И вот я уже в белом халате, со мной рядом режиссер объясняет мою роль, я киваю головой, и встаю на нужную точку, и готовлюсь играть, и несколько десятков глаз неотрывно следят за мной, и звучит команда: «Мотор!», и оператор наводит на меня объектив камеры, и, безусловно, дубль оказывается провальным. За ним еще один, и третий, и четвертый. Режиссер бы рвал на себе волосы от злости, будь у него что рвать. Возможно, так он и полысел. Наконец, на пятый дубль я собираюсь и выдаю что-то более или менее годное. Все наблюдают за реакцией режиссера, тот дает отмашку, мол, пойдет, снято. Раздаются негромкие аплодисменты. И я блаженно улыбаюсь. Отлегло. Но это только одна сцена, а таких нужно десять.

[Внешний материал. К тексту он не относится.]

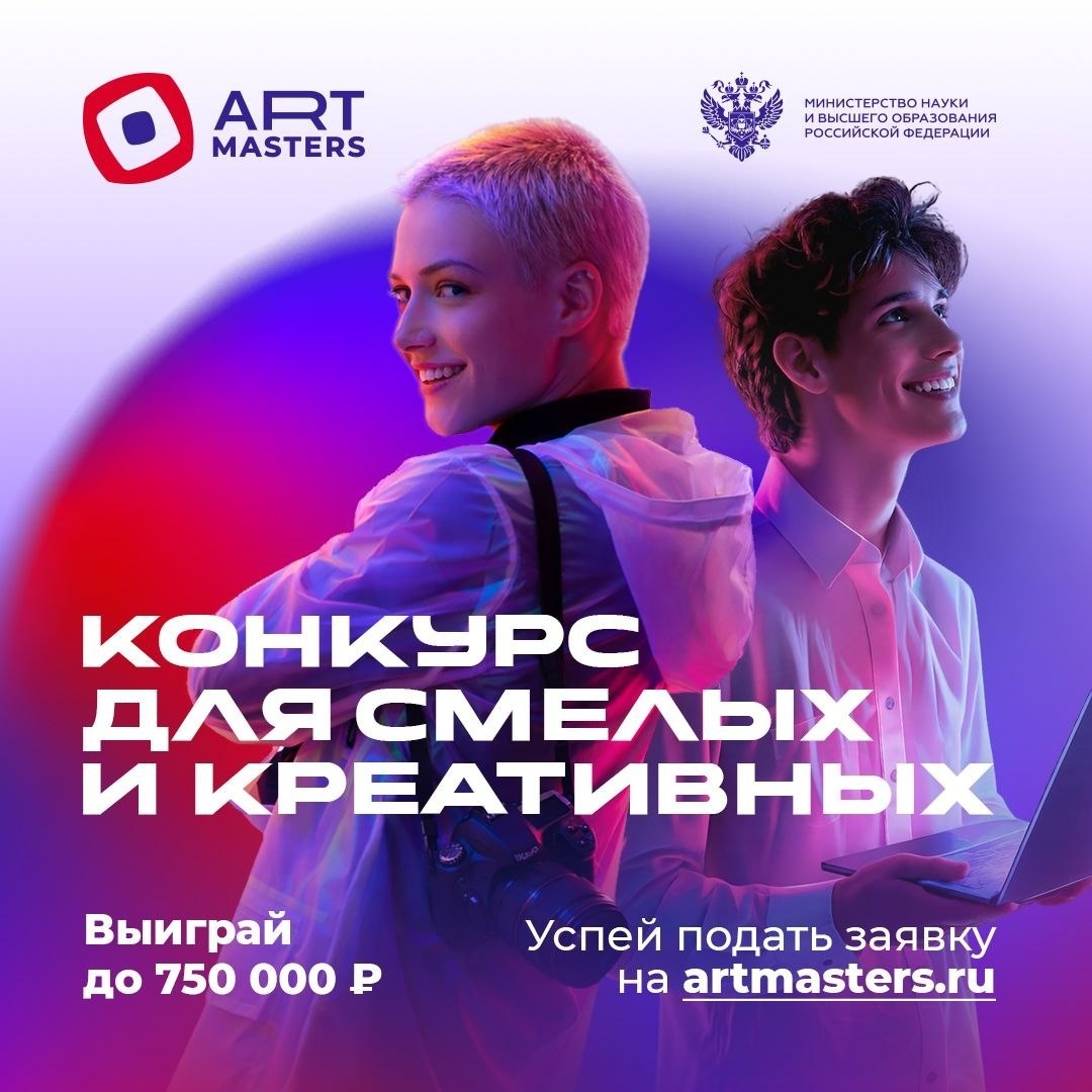» Открыт прием заявок на участие в VII сезоне Национального открытого чемпионата творческих компетенций «ArtMasters» в основной возрастной категории. В 2026 году чемпионат проводится по 20 направлениям и объединяет участников со всей страны. К участию приглашаются обучающиеся и выпускники колледжей и вузов, а также молодые специалисты в возрасте от 18 до 35 лет. Победителей ждут: — денежные сертификаты: 🥇 до 750 тыс. рублей 🥈 до 500 тыс. рублей 🥉 до 250 тыс. рублей — стажировки и возможность трудоустройства в компаниях-партнерах — доступ к профессиональному оборудованию — интеграция финальных работ в реальные проекты креативных индустрий Подать заявку можно до 30 апреля на официальном сайте: https://artmasters.ru/ Чемпионат реализуется в рамках национального проекта «Молодежь и дети» и направлен на развитие кадрового потенциала креативных индустрий, поддержку талантливой молодежи и формирование профессионального сообщества.

Три смены примерно так и прошли. Меньше четырех дублей не снимали. Мой рекорд – тринадцать. Вот тогда я понял, что реальное ничтожество и как сложно быть киноактером. Вот так смотришь на экран, думаешь: «Да ничего особенного, так, как играют наши звезды, может любой». Ага, щас. Я потерял больше двух килограммов. Хотя уже особо терять-то было нечего.

Мечта, конечно, осуществилась. Но, во-первых, не факт, что увижу себя на большом экране, во-вторых, ну на фиг, лучше смотреть кино и верить, что это просто и получится у любого, чем проверить на своей шкуре.

Короче говоря, путь к славе, как ни крути, тернистый.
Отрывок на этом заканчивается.